What transactions are covered by the review?
The review covers direct or indirect greenfield investment, acquisitions, or any other form of investment by foreign investors into China if:
- the investment is in the sectors of military industry, military industrial support and other fields relating to national defense, or in geographic locations in the vicinity of military facilities and military industrial facilities; or
- the investment is in the sectors of importance for national security, such as important agricultural products, important energy and resources, important equipment manufacturing, important infrastructure, important transport services, important cultural products and services, important information technology and Internet products and services, important financial services, and key technologies, and results in the foreign investor’s actual control of the invested enterprise.
There is no definition of “important”.
Who is the review authority?
The Foreign Investment Security Review Working Mechanism Office (“the Review Office” for short) consists of National Development and Reform Commission (NDRC) and the Ministry of Commerce of the People's Republic of China (MOFCOM) officials; it is responsible for accepting fillings submitted by investors and conducting the review.
How to trigger the review?
Parties of the investment subject to the scope of the review are required to proactively report to the Review Office. If the parties are uncertain if their investment falls under the review, they may consult with the Review Office prior to the actual filling. After receiving all required materials from the parties of the investment, the Review Office has 15 business days to decide whether they will launch the review.
In addition, any person can propose to the Review Office to initiate a review if such person believes there is a national security concern. The Review Office may also request the parties of the investment to report within a prescribed period of time, if the Review Office believes the investment should be reported.

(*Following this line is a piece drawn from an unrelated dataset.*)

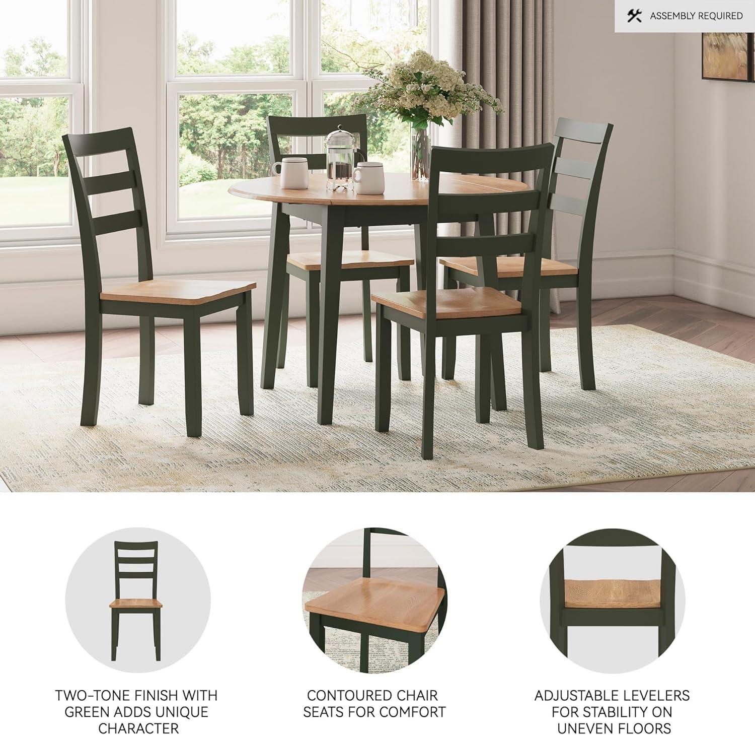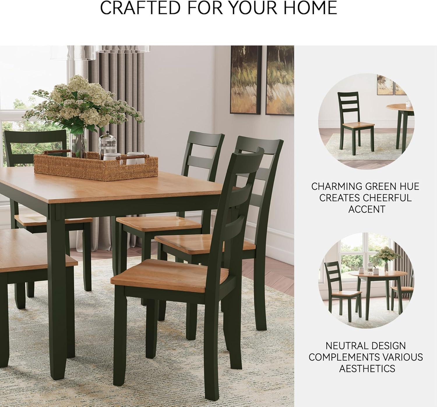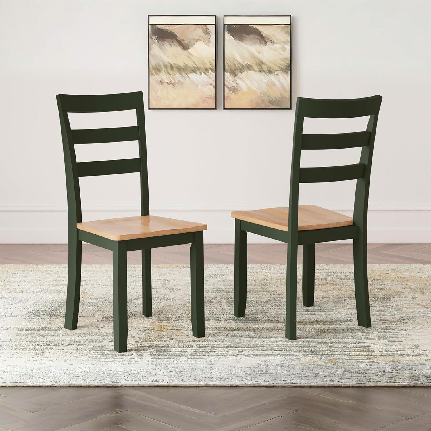 Signature Design by Ashley Woodanville 18″ Cottage Ladderback Dining Chair, 2 Count, Cream & Brown(Light Brown & Green)

What is the process of the review?
After the Review Office decides to initiate the review, they have 30 business days to run a general review of the investment in question. Following the general review, the Review Office approves either the transaction or, proceeds with a special review, which takes up to 60 business days or longer under special circumstances. Lastly, the Review Office will decide to approve the investment, impose conditions or ban the investment. The decision is final and is not subject to administrative or judicial review.

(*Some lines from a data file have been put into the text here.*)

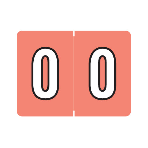 Datafile numeric labels have a wrap-around pink background with a white number outlined in black. The number will be visible on each side of the folder when applied. Each label is 15/16"H x 1-1/4"W before folding.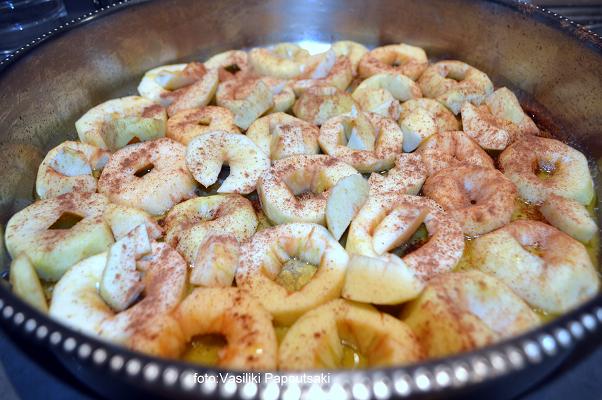 Στη συνέχεια τοποθετούμε (στρώνουμε) τα μήλα πάνω στο λιωμένο βιτάμ .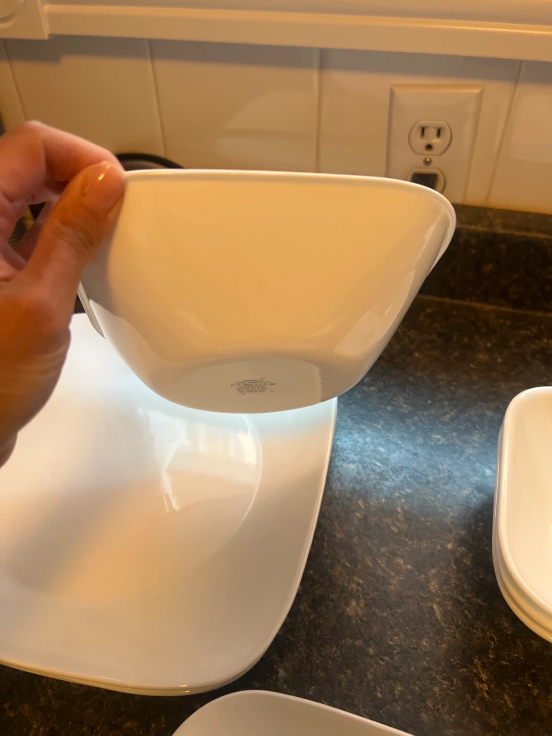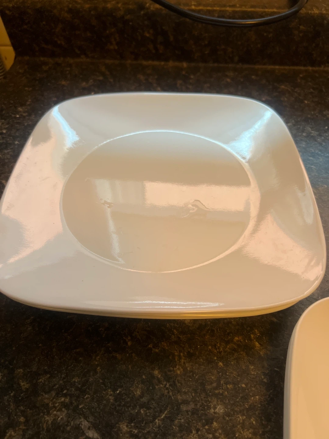 This set includes white square dinner plates and matching bowls. They're made of durable material and are perfect for everyday use. These dishes stack nicely for easy storage.

What are the liabilities for violations?
The Review Office can order the parties to divest by disposing shares or assets or take other necessary measures to restore pre-investment conditions if the parties of the investment fail to:
- make a filing where it is required
- provide false information
- conceal relevant information in the review
- fail to comply with a conditional clearance decision
The parties would also be registered into the Chinese corporate social credit system and subject to sanctions by Chinese government agencies affecting other areas of business not necessarily related to the reviewed investment, such as restrictions on bidding for projects, removal of preferential tax treatment, etc.
What are the recommendations for Canadian companies?
According to the Embassy’s informal conversation with NDRC, a review of an investment may occur before, during or after the investment is made. Canadian companies that have made or are considering making an investment should consult with legal professionals and carefully assess whether a proposed transaction could trigger a review. Companies and their counsel should also consult with the Review Office in relation to specific situations as needed.